The balls on this prosecutor...

Kay County, OK – The district judge on Thursday dismissed the murder indictment against Blackwell Police Lieutenant John Mitchell for killing an active shooter almost two years ago and said the woman’s death had been “justifiable homicide.”

District Court Judge Lee Turner quashed the indictment against Lt. Mitchell for the murder or manslaughter of 34-year-old Michael Ann Godsey on Aug. 12 in an order obtained by The Police Tribune.

Turner said in his ruling that criminal charges can only be brought against an officer when the use of physical force exceeded the degree of physical force permitted by law, or when the officer’s actions violated department policy.

The judge’s order said the district attorney had failed to “establish a prima facia showing that the law enforcement officer’s use of force was excessive.”

Turner said in his ruling that Godsey had proven that she was a threat to officers and the general public as long as she was armed and not in custody.
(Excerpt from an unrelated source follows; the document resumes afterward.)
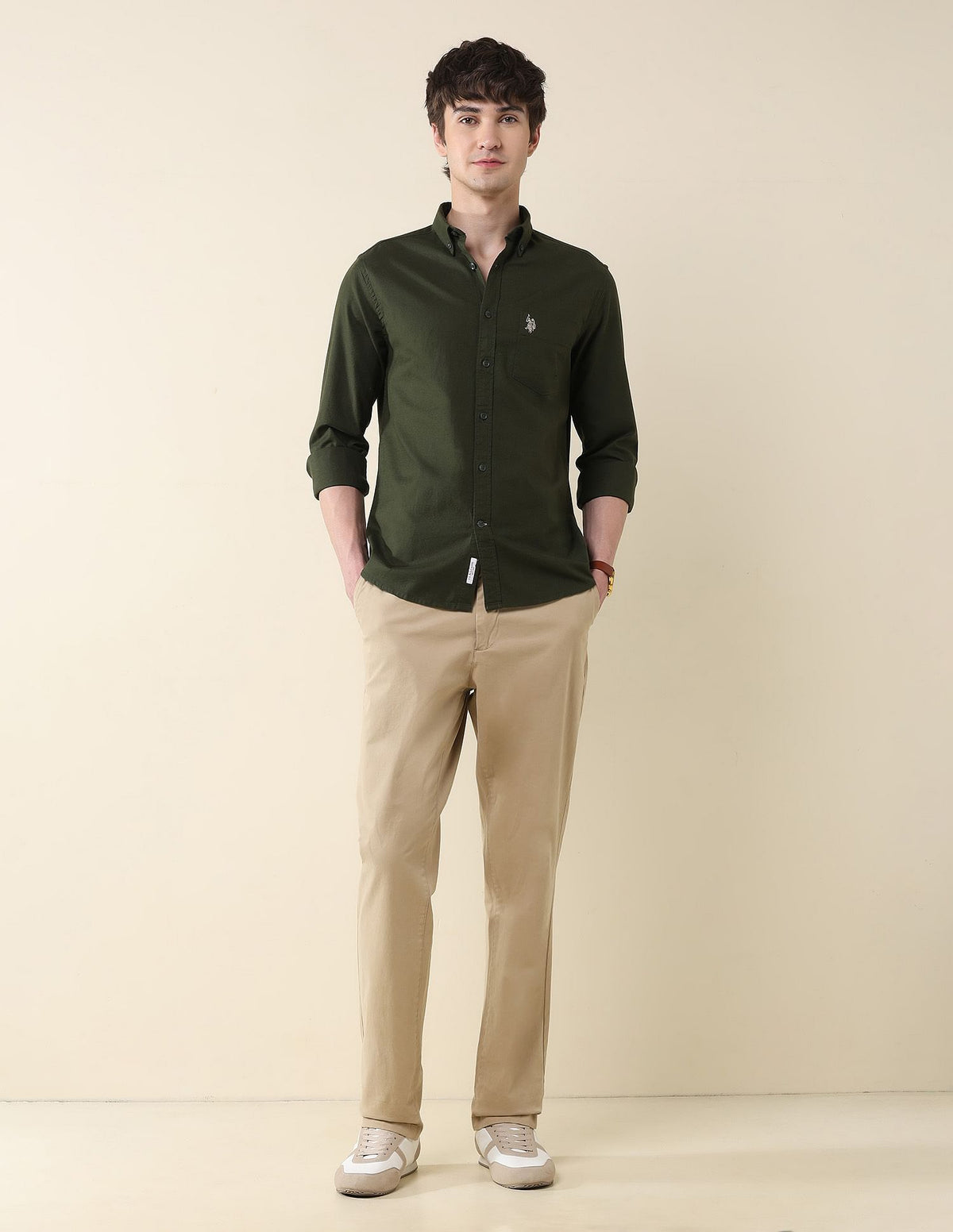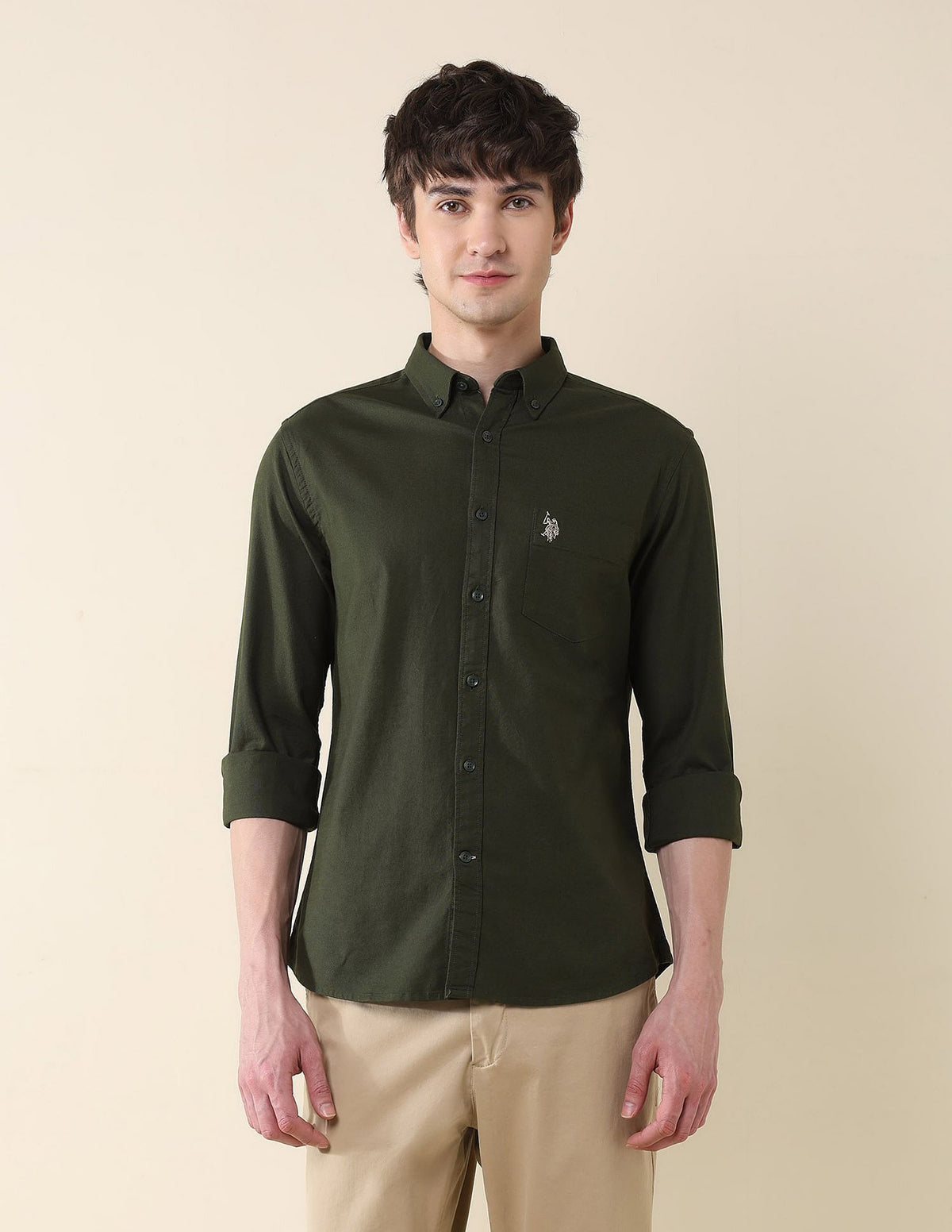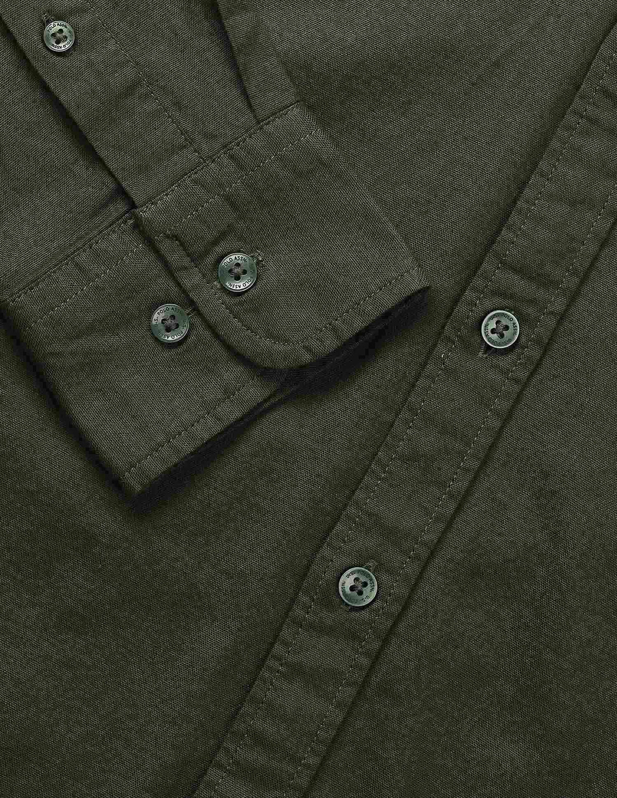 | Button-down collar | Chest patch pocket with logo | Full button placket | Long sleeves with rounded cuffs | Curved hemline | Solid pattern | Oxford weave | Tailored fit |

The district attorney’s indictment had pointed to the number of shots fired by Lt. Mitchell as excessive, but the judge did not agree.

“Applying the United States Supreme Court ruling in Plumhoff, if Lt. Mitchell was justified in initially firing at the point he did on Doolin Ave., then he was justified in continued firing after the turn on 13th Street since Ms. Godsey was still a violent fleeing felon who was still in possession of a semiautomatic handgun and was a threat to officers as long as she was in possession of the handgun and was not in custody,” Turner wrote.
* ( Plumhoff v. Rickard - Wikipedia ) ~RF


The judge said in the order dismissing the indictment against the lieutenant that the active shooter never gave any indicated she intended to surrender.

Turner said he agreed, “based on the totality of the circumstances,” that Lt. Mitchell’s “actions in shooting Ms. Godsey do amount to justifiable homicide pursuant to holdings of the United States Supreme Court cases, Oklahoma Court of Criminal Appeals cases and other federal cases” that were cited in the defense attorney’s motion to have the charges dismissed.

The incident that led to the officer-involved shooting began at approximately 3 a.m. on May 20, 2019, when Blackwell police received reports that someone was firing a gun in the 1300-block of South Main, KFOR reported.

While officers responded to the scene, the dispatch center received additional calls that someone in a white pickup was firing rounds at several locations around Blackwell.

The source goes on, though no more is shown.